Il pubblico di Internet è piuttosto patetico e Hollywood dovrebbe ascoltarlo relativamente, mostrando un po' di polso, piuttosto che accontentarlo piegandosi costantemente allo schiamazzare infantile di pochi e portando sul grande schermo prodotti dalla breve data di scadenza il cui unico scopo è quello di riproporre dei requel infarciti di easter egg, cameo di vecchie glorie ed espedienti narrativi ricalcati quasi 1:1 per un pubblico che, molto spesso, celebra opere originali che non ha nemmeno visto davvero.


Lo fa perché la cultura pop del presente li ha resi di moda e quindi necessari per esistere nel discorso digitale e non. 

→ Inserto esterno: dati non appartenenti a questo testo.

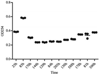 To validate this, M. neoaurum strain was cultured and the fermentation product using phytosterol was subjected to 96-well detection. The following media were used. LB medium (NaCl 10 g/L, yeast extract 5 g/L, tryptone 10 g/L) for conventional culture. MYC/ 01 seed culture media (glycerol 20 g/L, citric acid 2 g/L, Ferric ammonium citrate 0.05 g/L, K2HPO4 0.5 g/L, MgSO4·7H2O 0.5 g/L, NH4NO3 2g/L), pH 7.5, 121 ℃ heat sterilization for 20 min and preserved for future use. MYC/02 fermentation media (citric acid 2 g/L, Ferric ammonium citrate 0.05 g/L, K2HPO4 0.5 g/L, MgSO4·7H2O 0.5 g/L, NH4NO3 2 g/L, phytosterol 2 g/L), pH 7.5, 121 ℃ high-pressure steam sterilization for 20 min and for future use. The M. neoaurum was cultured overnight in the LB medium and preserved as inocula. Inoculation of 1% bacteria into a new LB medium from the inocula. M. neoaurum cultured in LB to OD600 = 1.5 was inoculated with 1% strains into MYC/02 fermentation Media containing 2 g/L phytosterol to detect the substrate transformation capacity and metabolic product analysis. The bacteria was cultured in Erlenmeyer flask in a shaker for 5–6 days and sampled every 24 h to monitor the yield. The value of the OD reflects the relative content of the mixture. There is significant difference of OD as the function of fermentation time (Fig. 3). The data showed that the method can discriminate the yield of phytosterol bioconversion. Further works are needed to quantify the relationship between the OD value and the content of targeted biotransformed compounds. The basis underlying the up and down of the values in Fig. 2 remains to be determined, one explanation might be the effect of other similar compounds in the bioconversion process. This method can also be adapted to measure other useful byproduct [9]. Microorganisms, selected wild-type or engineered strains, are increasingly effective tools of steroid modifications for the production of high-valued steroidal drugs and their precursors for the pharmaceutical industry, and applied at an industrial level [25]. The steroid-transforming strains in combination with our novel approach provide a highly effective and versatile platform example in the field of microbial bioconversions.

L'apice di questa follia produttiva è da riconoscere sempre in Star Wars, un brand che ha sentito il bisogno di chiudere la propria trilogia requel fuggendo dalla ricerca di innovazione che ci fu in Star Wars: Gli ultimi Jedi per mettere in scena un gigantesco film che sta a metà tra la nostaglia più sfrenata e il retcon su commissione dei meme di Facebook e delle pagine di Reddit.

 

Scream risorge proprio per prendersela con i requel, per sfotterne la struttura, per accoltellare il pubblico al cuore della sua spocchia internettiana, convinto di saper giudicare una qualsiasi opera perché tecnicamente dotato di una voce con un apparente riverbero. 

 

 

[No, God! No, God, please, NO! NO! NO! NOOOOO!]

 

Requel for a Scream 

 

Il Cinema horror non è certo rimasto lì a guardare: dove non si è potuto davvero innovare si è scelta la strada del requel per riportare in vita Halloween e lo stesso Candyman.

 

Per quanto queste formule possano essere più o meno riuscite, o più o meno di successo, il loro pattern è già riconoscibile per il pubblico, anche se non si è ancora reso conto interamente del gioco di prestigio del quale è vittima.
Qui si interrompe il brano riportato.